Recorded data:

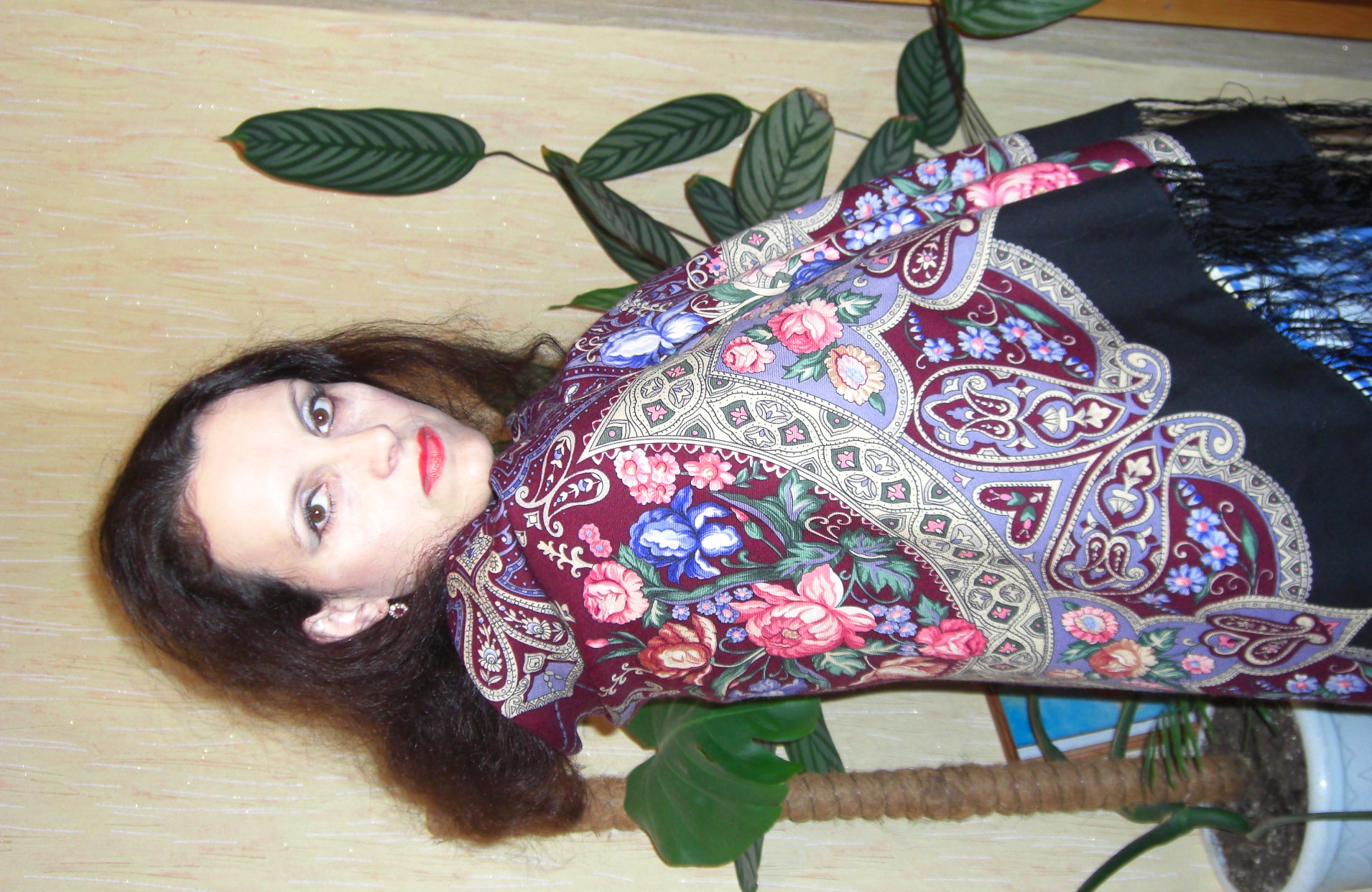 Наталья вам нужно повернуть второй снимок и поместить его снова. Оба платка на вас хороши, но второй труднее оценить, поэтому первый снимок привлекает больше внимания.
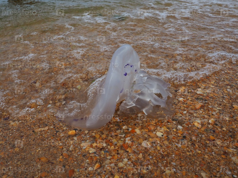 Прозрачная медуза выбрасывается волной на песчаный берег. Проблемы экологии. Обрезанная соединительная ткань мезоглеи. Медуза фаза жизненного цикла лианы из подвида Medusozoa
---
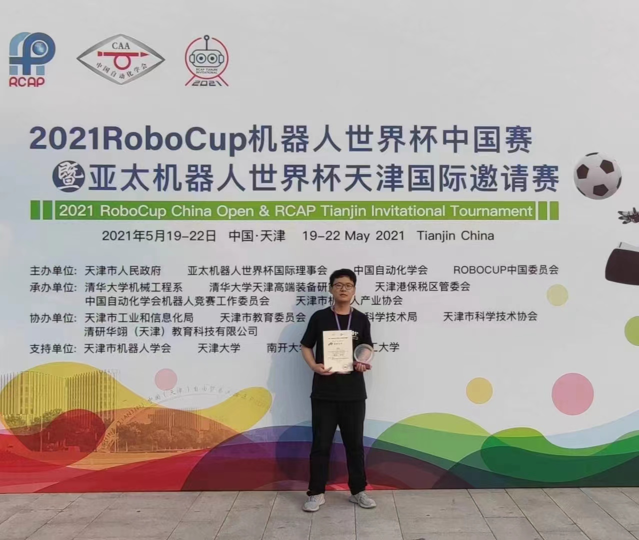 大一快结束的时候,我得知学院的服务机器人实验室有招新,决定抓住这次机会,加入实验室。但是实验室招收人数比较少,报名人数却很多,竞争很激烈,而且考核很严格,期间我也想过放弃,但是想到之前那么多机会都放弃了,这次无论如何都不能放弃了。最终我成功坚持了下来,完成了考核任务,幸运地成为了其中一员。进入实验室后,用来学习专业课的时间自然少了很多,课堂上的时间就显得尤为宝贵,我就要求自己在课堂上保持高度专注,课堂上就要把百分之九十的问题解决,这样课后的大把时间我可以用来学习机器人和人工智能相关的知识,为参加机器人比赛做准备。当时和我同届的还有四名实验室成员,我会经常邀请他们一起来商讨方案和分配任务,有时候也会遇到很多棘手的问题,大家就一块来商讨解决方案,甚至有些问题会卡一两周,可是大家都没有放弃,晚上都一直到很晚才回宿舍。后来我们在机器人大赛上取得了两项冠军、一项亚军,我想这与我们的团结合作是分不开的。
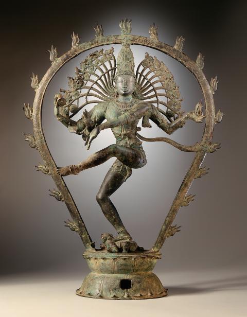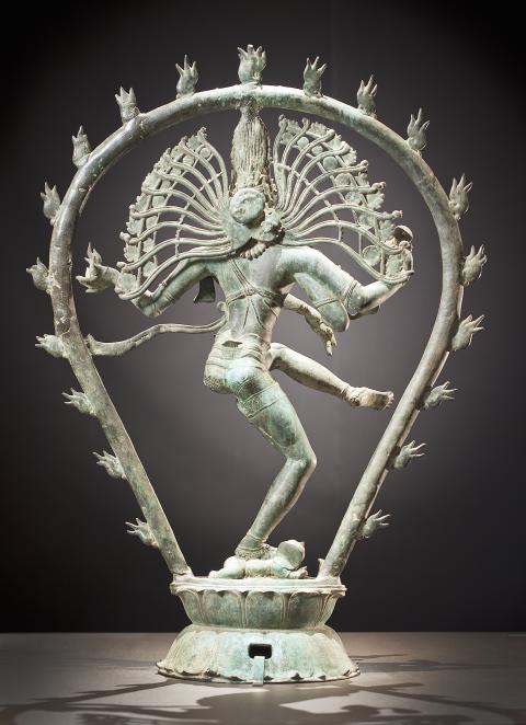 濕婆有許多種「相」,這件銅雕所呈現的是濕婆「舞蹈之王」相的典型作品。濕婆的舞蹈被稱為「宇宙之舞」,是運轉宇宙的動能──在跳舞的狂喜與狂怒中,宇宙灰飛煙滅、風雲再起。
* * *
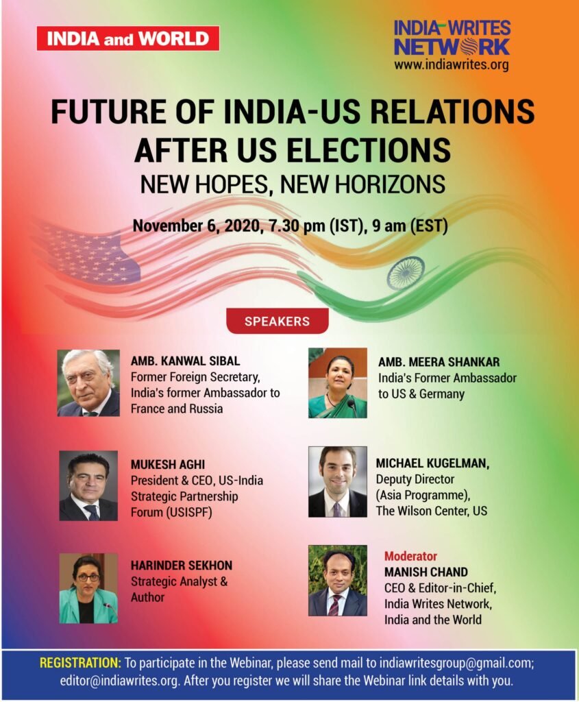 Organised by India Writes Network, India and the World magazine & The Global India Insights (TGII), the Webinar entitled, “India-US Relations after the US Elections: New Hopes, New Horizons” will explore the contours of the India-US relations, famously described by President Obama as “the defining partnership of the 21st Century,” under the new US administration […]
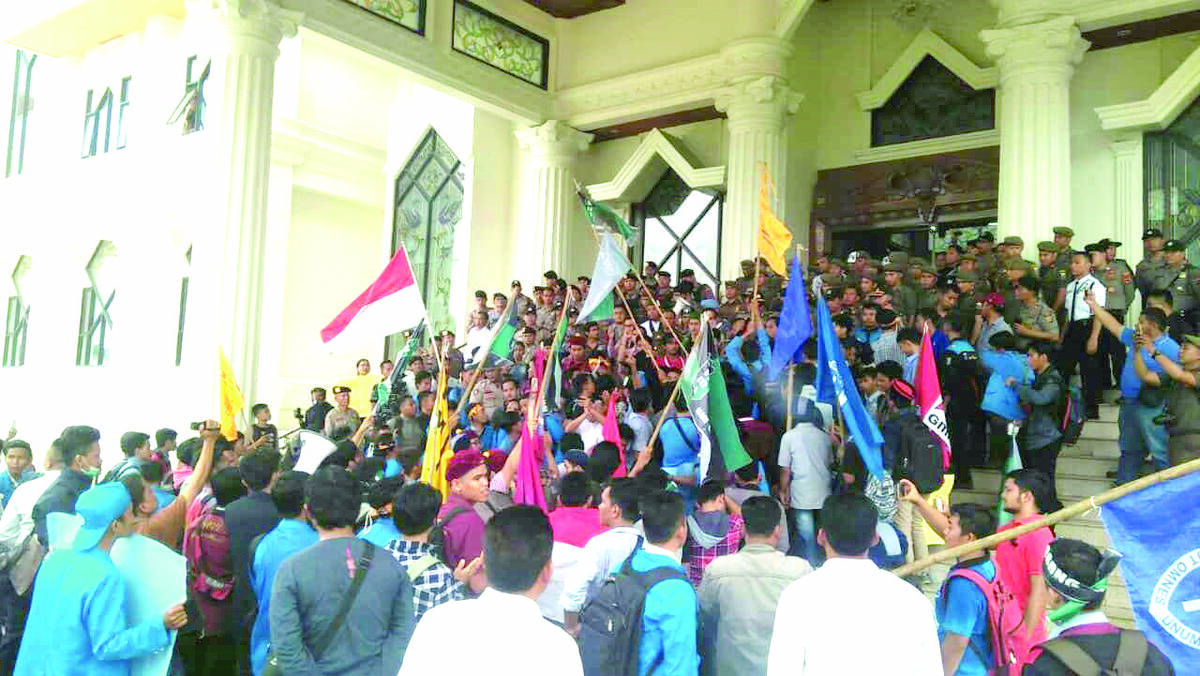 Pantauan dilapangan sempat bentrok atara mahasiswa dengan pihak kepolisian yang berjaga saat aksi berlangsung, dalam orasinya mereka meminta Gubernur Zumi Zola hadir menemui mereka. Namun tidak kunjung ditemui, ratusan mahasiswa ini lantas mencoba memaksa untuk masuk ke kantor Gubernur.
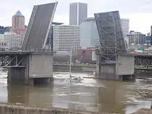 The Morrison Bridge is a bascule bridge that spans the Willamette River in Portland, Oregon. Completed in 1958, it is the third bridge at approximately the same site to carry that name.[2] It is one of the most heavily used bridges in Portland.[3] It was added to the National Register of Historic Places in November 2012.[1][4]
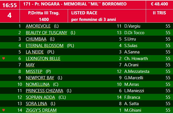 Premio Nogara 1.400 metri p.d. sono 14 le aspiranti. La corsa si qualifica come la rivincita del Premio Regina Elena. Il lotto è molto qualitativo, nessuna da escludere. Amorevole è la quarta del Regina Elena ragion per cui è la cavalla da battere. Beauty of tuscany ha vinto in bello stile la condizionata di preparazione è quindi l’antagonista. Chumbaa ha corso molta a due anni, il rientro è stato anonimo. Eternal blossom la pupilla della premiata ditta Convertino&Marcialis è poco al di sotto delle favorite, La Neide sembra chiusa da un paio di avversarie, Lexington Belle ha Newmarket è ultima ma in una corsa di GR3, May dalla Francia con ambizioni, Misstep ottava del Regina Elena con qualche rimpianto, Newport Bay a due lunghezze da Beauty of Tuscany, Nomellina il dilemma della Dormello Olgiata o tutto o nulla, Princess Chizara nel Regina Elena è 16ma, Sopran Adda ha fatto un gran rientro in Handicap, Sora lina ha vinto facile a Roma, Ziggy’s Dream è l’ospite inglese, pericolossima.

What needs to be done: Within these entries, output exactly the lines starting at the one with "Наталья вам нужно" and finishing at the one with "Прозрачная медуза выбрасывается". Leave pictures out of the output.

Output below:
 Наталья вам нужно повернуть второй снимок и поместить его снова. Оба платка на вас хороши, но второй труднее оценить, поэтому первый снимок привлекает больше внимания.
 Прозрачная медуза выбрасывается волной на песчаный берег. Проблемы экологии. Обрезанная соединительная ткань мезоглеи. Медуза фаза жизненного цикла лианы из подвида Medusozoa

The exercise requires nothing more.